Становление информационного общества оказывает влияние на структурообразующие компоненты всей системы культуры. Аналогичных процессов в истории человеческого общества не существовало. Любые новые образования достаточно гармонично впитывались в систему культуры, постепенно адаптируясь к ней. Сегодня все как бы меняется местами, и мы наблюдаем процесс необходимой адаптации всей системы культуры к становящемуся глобальному информационному пространству. Активность информационных процессов столь высока, что заставляет подчинять себе традиционные элементы культуры и, прежде всего, изменяет традиционную систему культурной коммуникации.

Традиционная система культур представляла собой систему замкнутых локальных образований или, в используемой нами терминологии, систему устойчивых и замкнутых информационных систем. Соответственно, диалог между такими культурами, то есть, иначе говоря, обмен информацией между ними осуществлялся на базе незначительных сходных устойчивых информационных компонентов, а основной массив информации должен был быть адаптирован (переведен, интерпретирован) на язык конкретной локальной культуры. Никакого промежуточного метаязыка для этой цели не существовало.

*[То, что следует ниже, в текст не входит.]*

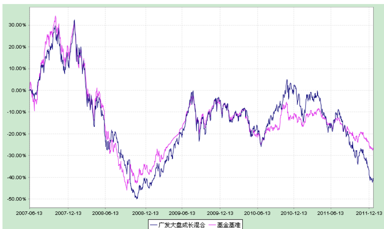
广发大盘成长混合型证券投资基金 份额累计净值增长率与业绩比较基准收益率历史走势对比图 (2007 年 6 月 13 日至 2011 年 12 月 31 日)
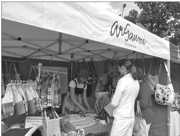
На площади рядом с Центром культуры Ливанского края у предпринимателей Ливанского края и надомных производителей была возможность представить свою продукцию. Также со своим товаром участвовали представители предприятий других городов Латвии
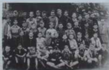
Eine Dokumentation der Klasse 8K Schillerschule Darmstadt Schülerzeitung Ostern 1954

Kriegskinder dokumentieren ihre Schulzeit
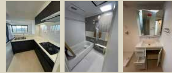
Kitchen Bathroom Powderroom

Все это определяло стационарность и устойчивость традиционной локальной культуры как информационной системы. Она работала по своим законам, эволюционным путем впитывая в себя и адаптируя к себе новую информацию. В результате был сформирован некий культурный иммунитет к другому в виде мощного адаптирующего механизма, что позволяло культуре относительно безболезненно приспосабливать к себе новые компоненты. Динамика развития описываемой модели культуры была относительно медленной, она представляла собой, по отношению к другим явлениям, некоторую стационарную, застывшую систему, которая оставалась одинаковой для многих поколений. Признак стабильности был самовыражением культуры как таковой.

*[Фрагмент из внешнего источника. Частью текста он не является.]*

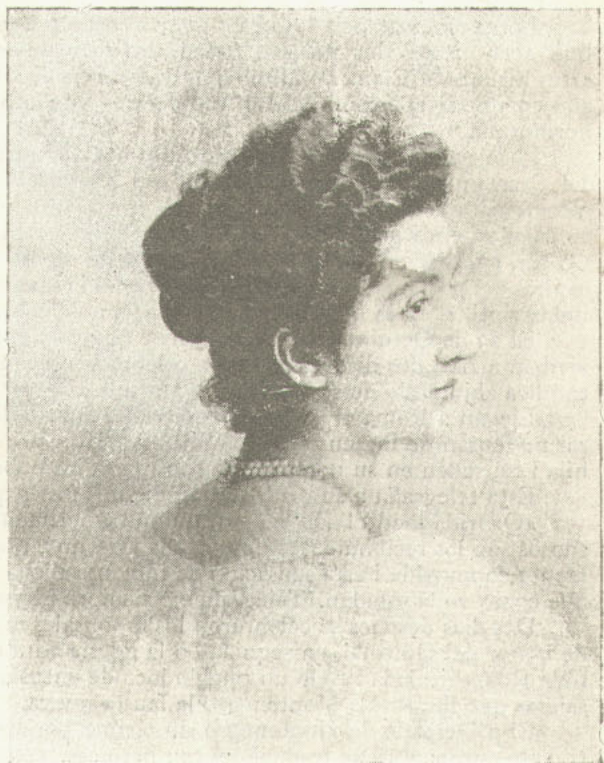
S. M. Elena de Montenegro ACTUAL REINA DE ITALIA
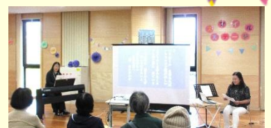
歌の会 COCORO ころろ
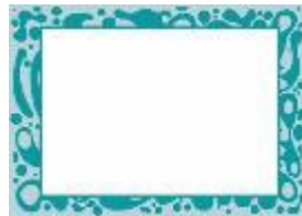
26 Mes capacités
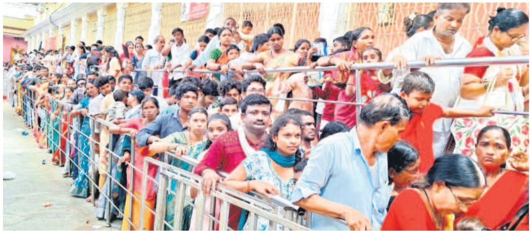
అమ్మవారి దర్శనానికి క్యూలో వేచి ఉన్న భక్తులు

Относительная стабильность (слабая динамика по отношению к индивидуальному сознанию), аристократический принцип отбора, элитарность и замкнутость привели к выработке такого адаптивно-адаптирующего механизма, который позволял каждой локальной культуре относительно безболезненно и незаметно для индивида приспосабливать к себе новые компоненты, включая их внутрь культурной системы.

Сравнивая локальные культуры, отдаленные друг от друга большим временным расстоянием, мы легко обнаруживаем различия между ними, свидетельствующие об изменениях. И, напротив, находясь внутри локальной культуры или во временном отношении недалеко от нее, эти изменения обнаружить почти невозможно. Такого рода изменения в локальных культурах, как правило, выходили за рамки индивидуальной жизни, поэтому для отдельного человека были незаметны.

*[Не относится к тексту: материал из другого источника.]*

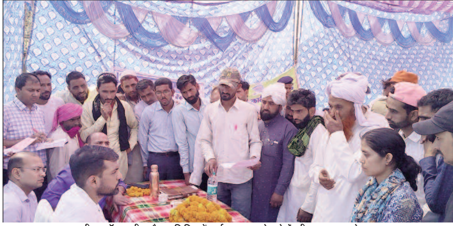
डीएम डॉ. आशीष चौहान शिविर में गुर्जर समुदाय के लोगों की समस्या सुनते हुए।

जयन्त प्रतिनिधि। पौड़ी : जिलाधिकारी डॉ. आशीष चौहान की अध्यक्षता में तहसील यमकेश्वर के अंतर्गत कुनाड चौड़ क्षेत्र में बहुउद्देशीय शिविर का आयोजन किया गया। शिविर में जिलाधिकारी के समक्ष ही पशुपालन विभाग द्वारा 150 से अधिक पशुधन का टीकाकरण किया गया। शिविर में स्थानीय लोगों के 108 जन्म प्रमाण पत्र, 23 राशन कार्ड तथा 34 आधार कार्ड बनाये गये।
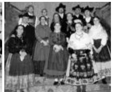
Goian, Kataluniako Esbart Jove de Gualba taldea, eta behean, Valladolideko Corrobla de Bailes y Costumbres taldeko kideak.

Важной частью и проявлением указанного механизма адаптации было выделение в культуре «верхней» и «нижней» частей, которые находились в противоречивом взаимодействии, взаимодополняя друг друга. Абстрактно-духовная, рафинированная часть культуры постепенно оформляется в истории человеческой цивилизации как КУЛЬТУРА с большой буквы. Она принципиально удалена от повседневности, даже от конкретной личности. Она требует определенной подготовки при ее восприятии. Такое понимание культуры настолько типично, что иногда может создаться впечатление, что кроме ее никакой иной культуры нет. Перед нами буквально предстает идиллическая картина, например, европейского средневековья, в котором крестьяне и ремесленники слушают Баха, по вечерам, после окончания работы, распевают в харчевнях оперные арии и выделывают балетные па.

В тоже время в человеческой культуре всегда сохранялся пласт неэлитарной, повседневной, низовой культуры, в потребление продуктов которой всегда была включена наибольшая масса людей, народа. Она в силу своей открытости была менее устойчива, а, следовательно, в большей степени подвержена изменениям.

Локальная культура, таким образом, предстает перед нами как некая завершенная целостная символическая система культурных значений, отражающая завершенность бытия человека и человечества. Точно также завершенным считается и противопоставление в ней «верхней» и «нижней» частей, в котором господствующей (культурой как таковой) является именно «верхняя».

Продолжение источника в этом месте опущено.